C’est peut-être l’une des raisons qui a poussé le diplomate Kaplan à lui demander une audience juste après son spectacle à Bab Makina. Ici, les trois derniers spectacles ont connu un franc succès. A commencer par celui de jeudi dernier. Confiée à Wadie El Safi, son fils, et Lotfi Bouchnak, la scène mythique a attiré pas moins de 7.000 personnes pour l’occasion. Certains ont même dû suivre le spectacle de plus de 2 heures debout. Un spectacle qui s’est déroulé à guichets fermés. D’ailleurs, depuis l’ouverture du festival, le public marocain était en quête des tickets du jeudi 14 juin. Même ambiance le lendemain à Bab Boujloud dans le cadre du festival off. Offerte gratuitement à la population fassie, cette soirée était l’occasion pour les responsables de la ville de remettre les clés de Fès à Wadie El Safi et Lotfi Bouchnak, en guise d’hommage.

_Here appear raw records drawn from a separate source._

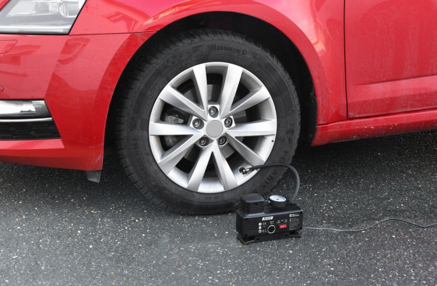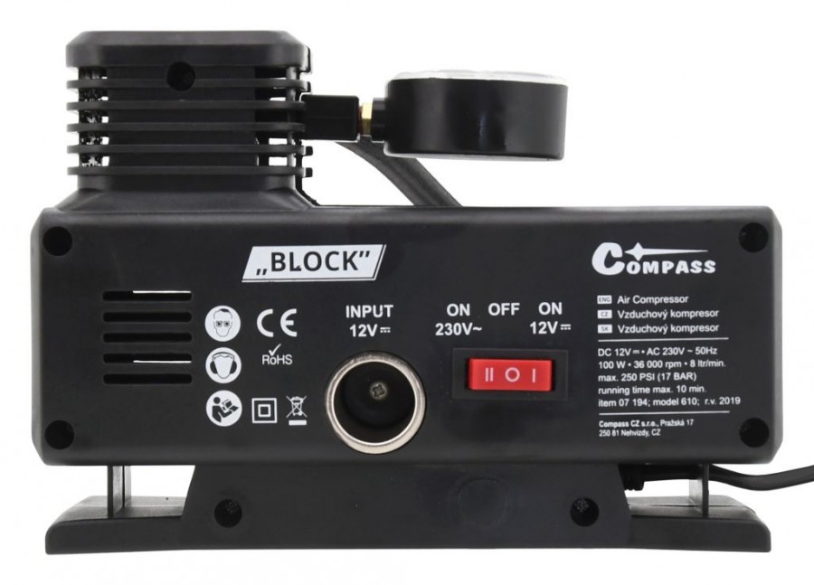 Vzduchový kompresor s vysokou účiností a napájením 12 V / 230 V. Napájecí kabely i hustící hadice mají dostatečnou délku 12 V - 260 cm / 230 V - 150 cm a hadice 0,5 m. Komprosor je vybavený vestavěným pneuměřičem, který zobrazuje naměřený tlak v několika jednotkách.
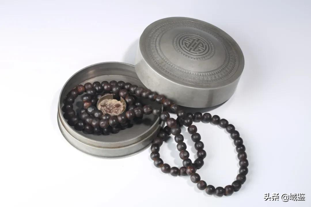 此串奇楠沉香佛珠便是由锡盒装藏,盒圆形,共分三层,严丝合缝,分量不俗,盖面錾刻寿字纹,形制规整,为沉香量身打造。
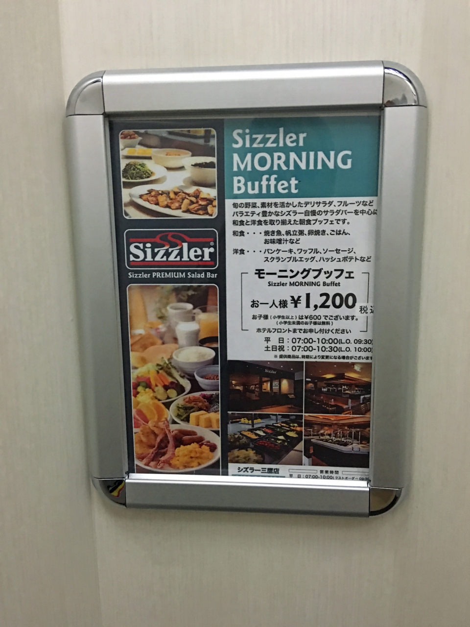 宿泊のみのシンプルステイプランです。夕食は、三鷹駅前の居酒屋でとりました。ホテルに戻ってくると、ロビーは、レストランSizzlerの順番を待つお客さんがたくさんいました。地域で人気のレストランとなっているようです。

En même temps, l’artiste islandaise Björk «électrisait» les spectateurs de Bab Makina. Björk, qui s’est produite devant SAR la princesse Lalla Salma, appartient à ces femmes d’exception qui de par leur talent artistique ont façonné  leur époque. Dans sa tentative de ré-enchanter le monde, elle a présenté son dernier répertoire de nature Biophilia. Avec une ambiance plutôt électrique que spirituelle, où les habits courts, la musique forte et les couleurs étaient un peu exagérés. Le spectacle de Björk s’est tenu en présence aussi du chef du gouvernement tunisien, Hamadi Jbali. Visiblement, ce dernier n’a pas apprécié la prestation de Björk ou plutôt ses effets vestimentaires. Il quitta Bab Makina au milieu du spectacle. D’autres personnalités de marque diront en substance que «du moment qu’on n’assiste pas tous les jours à ce genre de concert, vaut mieux en profiter au moins une fois dans sa vie». On le sait, concevant la musique comme liée à l’image, à la vidéo, au graphisme, au cinéma, Björk multiplie un nombre invraisemblable d’expérimentations qui la mèneront à cette œuvre en pleine mutation qu’est Biophilia. «Ce projet est une suite logique de Volta mon précédent CD. Volta était quelque part dans l’anthropologie, cette fois on ne s’intéresse pas aux humains. Ici on prend en compte à la fois l’aspect macroscopique, comme les planètes, mais aussi le volet microscopique, comme les atomes…», déclare Björk. En tout cas, Biophilia a pour but d’explorer le fonctionnement du son, l’étendue infinie de l’univers, des systèmes planétaires aux structures atomiques. Mais il est avant tout une nouvelle manière de faire rentrer les fans dans un nouveau monde féérique. Enfin, rappelons que le spectacle le plus coûteux de cette 18e édition du Festival de Fès des musiques sacrées du monde était celui de Björk avec un cachet de 100.000 euros.